Data for analysis |
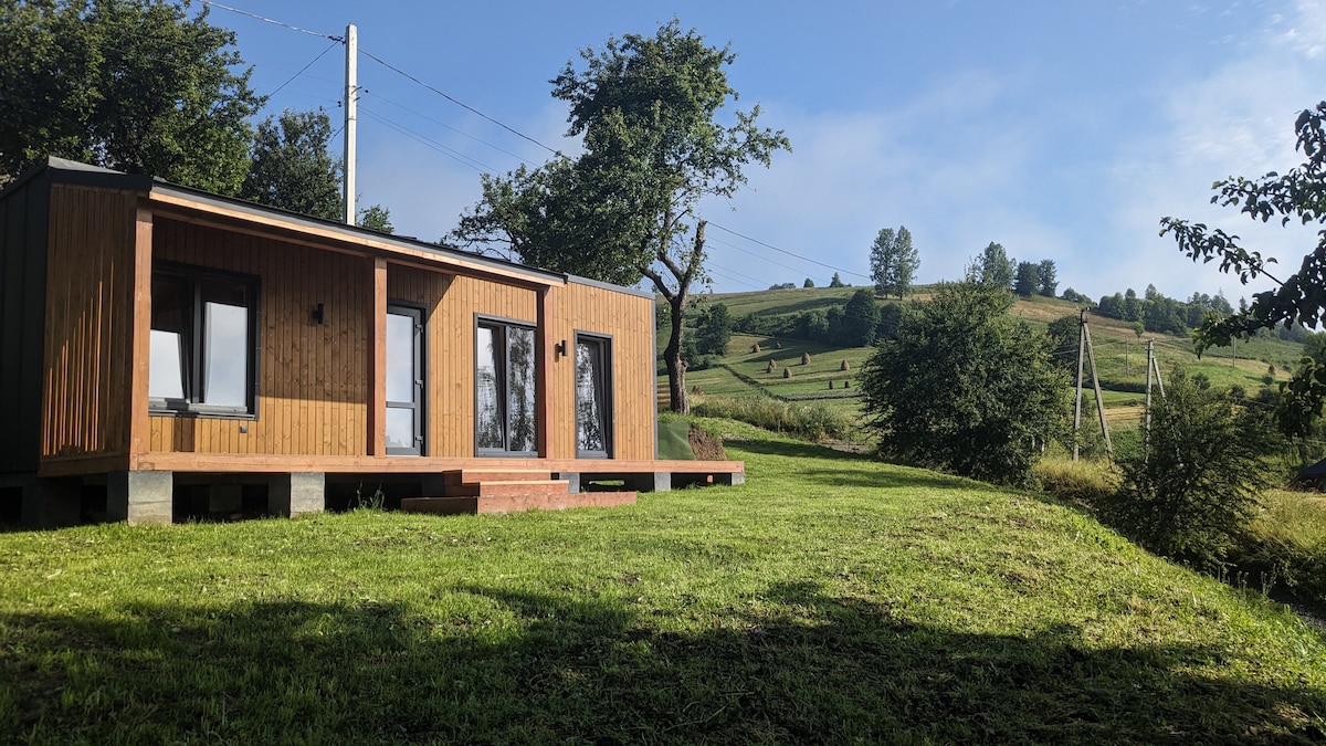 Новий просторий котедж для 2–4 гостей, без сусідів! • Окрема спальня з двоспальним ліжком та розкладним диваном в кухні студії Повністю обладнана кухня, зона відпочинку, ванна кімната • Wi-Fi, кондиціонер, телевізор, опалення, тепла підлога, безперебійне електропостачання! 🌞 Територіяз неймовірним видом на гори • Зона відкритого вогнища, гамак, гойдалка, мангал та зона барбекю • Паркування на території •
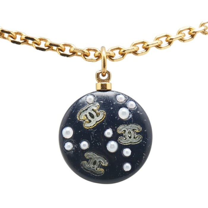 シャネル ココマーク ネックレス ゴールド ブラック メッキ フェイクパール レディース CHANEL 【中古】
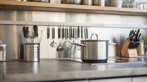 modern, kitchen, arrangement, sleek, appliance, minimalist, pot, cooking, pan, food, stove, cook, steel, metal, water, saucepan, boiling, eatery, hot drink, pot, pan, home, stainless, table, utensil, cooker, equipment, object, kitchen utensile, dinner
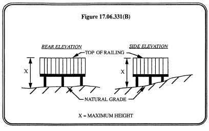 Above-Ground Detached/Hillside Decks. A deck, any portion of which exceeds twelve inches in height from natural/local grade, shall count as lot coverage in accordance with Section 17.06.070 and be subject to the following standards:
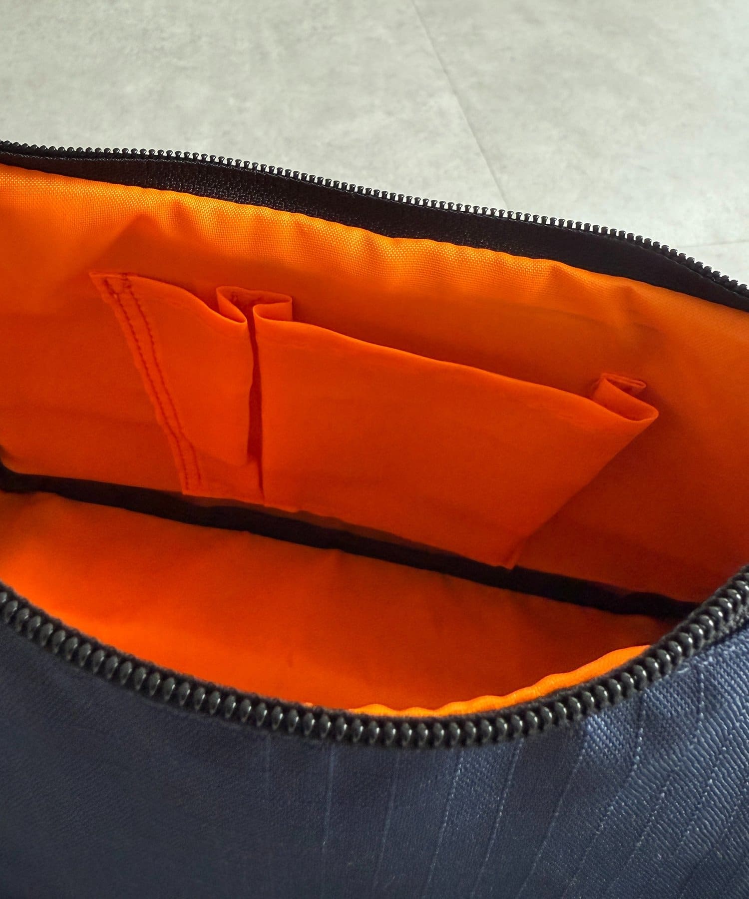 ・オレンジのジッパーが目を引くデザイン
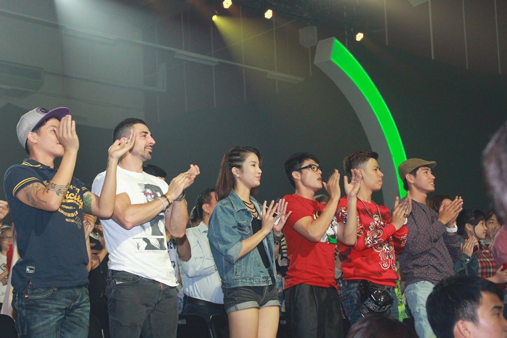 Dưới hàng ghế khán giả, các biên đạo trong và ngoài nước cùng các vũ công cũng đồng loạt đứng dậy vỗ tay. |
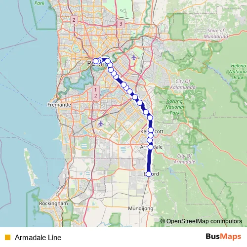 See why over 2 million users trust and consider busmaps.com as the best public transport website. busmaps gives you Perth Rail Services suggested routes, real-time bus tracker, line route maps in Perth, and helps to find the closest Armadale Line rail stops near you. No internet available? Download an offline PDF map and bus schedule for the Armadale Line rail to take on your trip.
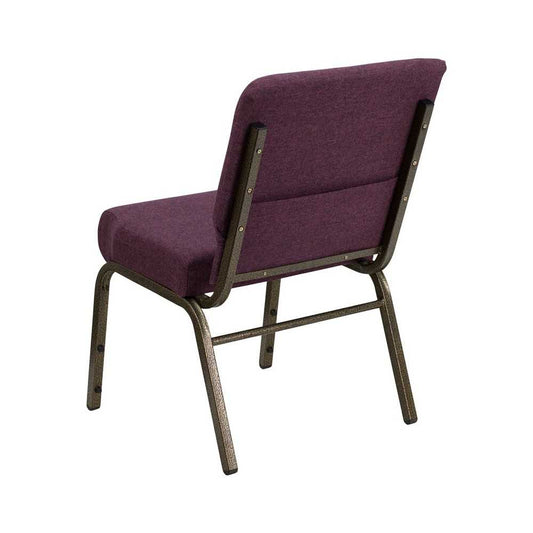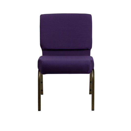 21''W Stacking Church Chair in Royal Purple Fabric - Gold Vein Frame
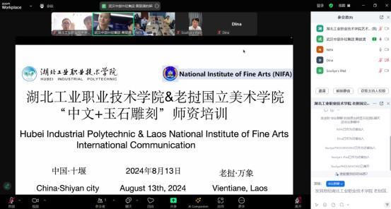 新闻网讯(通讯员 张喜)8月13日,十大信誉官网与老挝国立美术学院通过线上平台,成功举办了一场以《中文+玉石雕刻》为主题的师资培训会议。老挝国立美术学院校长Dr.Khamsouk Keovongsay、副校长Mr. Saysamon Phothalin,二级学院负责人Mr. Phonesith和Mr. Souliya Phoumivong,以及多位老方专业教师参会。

Work to be completed | Only the pictures are to be left out; all other material is to be output exactly.

Reply to the exercise |
 Новий просторий котедж для 2–4 гостей, без сусідів! • Окрема спальня з двоспальним ліжком та розкладним диваном в кухні студії Повністю обладнана кухня, зона відпочинку, ванна кімната • Wi-Fi, кондиціонер, телевізор, опалення, тепла підлога, безперебійне електропостачання! 🌞 Територіяз неймовірним видом на гори • Зона відкритого вогнища, гамак, гойдалка, мангал та зона барбекю • Паркування на території •
 シャネル ココマーク ネックレス ゴールド ブラック メッキ フェイクパール レディース CHANEL 【中古】
 modern, kitchen, arrangement, sleek, appliance, minimalist, pot, cooking, pan, food, stove, cook, steel, metal, water, saucepan, boiling, eatery, hot drink, pot, pan, home, stainless, table, utensil, cooker, equipment, object, kitchen utensile, dinner
 Above-Ground Detached/Hillside Decks. A deck, any portion of which exceeds twelve inches in height from natural/local grade, shall count as lot coverage in accordance with Section 17.06.070 and be subject to the following standards:
 ・オレンジのジッパーが目を引くデザイン
 Dưới hàng ghế khán giả, các biên đạo trong và ngoài nước cùng các vũ công cũng đồng loạt đứng dậy vỗ tay. |
 See why over 2 million users trust and consider busmaps.com as the best public transport website. busmaps gives you Perth Rail Services suggested routes, real-time bus tracker, line route maps in Perth, and helps to find the closest Armadale Line rail stops near you. No internet available? Download an offline PDF map and bus schedule for the Armadale Line rail to take on your trip.
 21''W Stacking Church Chair in Royal Purple Fabric - Gold Vein Frame
 新闻网讯(通讯员 张喜)8月13日,十大信誉官网与老挝国立美术学院通过线上平台,成功举办了一场以《中文+玉石雕刻》为主题的师资培训会议。老挝国立美术学院校长Dr.Khamsouk Keovongsay、副校长Mr. Saysamon Phothalin,二级学院负责人Mr. Phonesith和Mr. Souliya Phoumivong,以及多位老方专业教师参会。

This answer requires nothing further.